Jana: At a high level, there is a big difference between link-level retranmissions. Those are under IP. This is above IP, as an overlay. As a link, the link knows that it is a small part of the end-to-end path. I can buy that the applicability statement can narrow the usage, but it’s still not clear to me that we really understand where it makes sense. Just because some people can deploy this today, that doesn’t mean it’s more than snake oil. It’s not clear that people want a standard here, and it’s not clear that we want to make this easy to deploy. Applicability may not be enough.

Spencer: As a former AD, one of the BoFs that didn’t charter was about tunnelling compression, etc. We had the concern about people actually needing to do this.
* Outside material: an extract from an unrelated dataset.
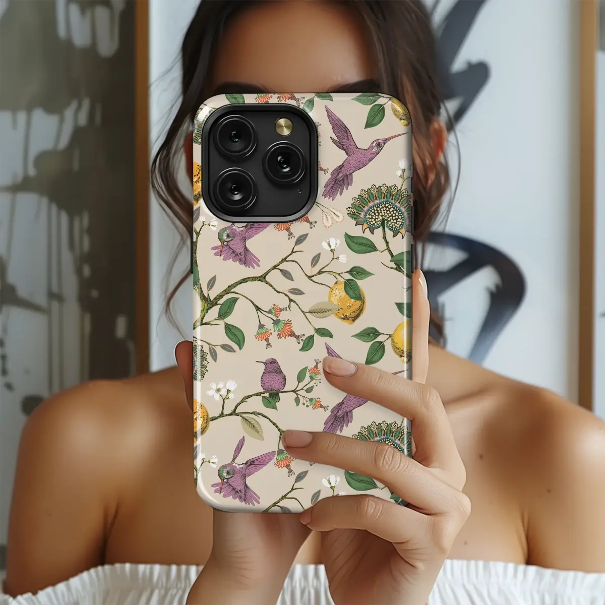 Adorn your device with this enchanting botanical pattern featuring elegant purple hummingbirds amidst lemon tree branches. This vintage-inspired illustration captures a whimsical garden scene, with detailed citrus fruits, ornate blossoms, and lush green leaves creating a vibrant and artistic nature-inspired look.

It turned out that most people who needed it were in Africa, and weren’t at the BoF.

Calling the question Chairs

Let’s hum!

Should we solve this in the IETF?
Yes - Forte
No - Forte

Is it useful to have an applicability statement if we do this work?
Yes - Forte
No - Pianissimo

Questions about is this independent of a WG or not. It may be interesting to write the applicability of when to do this or not, even if we don’t want to work on this.

Gorry: TSVWG could take on the applicability statement for when it is appropriate to do these items. (That is it could discuss this topic, that doesn’t necessarily mean publish a doc.)

Lars: The proponents of the work need to do the work for applicability before anyone tries to charter this. I’m feeling pretty negative about this, and saying the IETF can do things here. We need more work.

Brian: So, go write the applicability and come back.

Lars: Yes, I want to read it first.

Brian: Outcome is to go write that, and maybe present it as TSVWG, and then see if we want a BoF later.

Martin: Agreed on that assessment of the room. We’re not ready to set this up as a WG. Applicability presented to TSVWG is a fine idea. I would encourage proponents to do some of the research behind this rather than waiting around. There’s a lot of work to make the unknowns more clear.

Colin: ICCRG is not a bad place to discuss this.

Jana: I’m not convinced this is limited to CC. Don’t want to punt, want to discuss, but it’s a broad transport question.

Colin: Agreed. The docs should be discussed in ICCRG, TSVWG, TSVAREA, etc, to get the community aware before we do any more long-term work.

Brian: Can you do this kind of work in the IETF 109 timeframe?

Carsten: To share with transport area, or second BoF?

Brian: Just to share with transport area. This would be a milestone before doing another BoF.

Spencer: We are forte on both we should do this and not; dumping this on just the proponents is a shrinkage. Anyone who piled in for forte should know where to contribute.

Brian: The discussion on spinning this up should be on the LOOPS mailing list.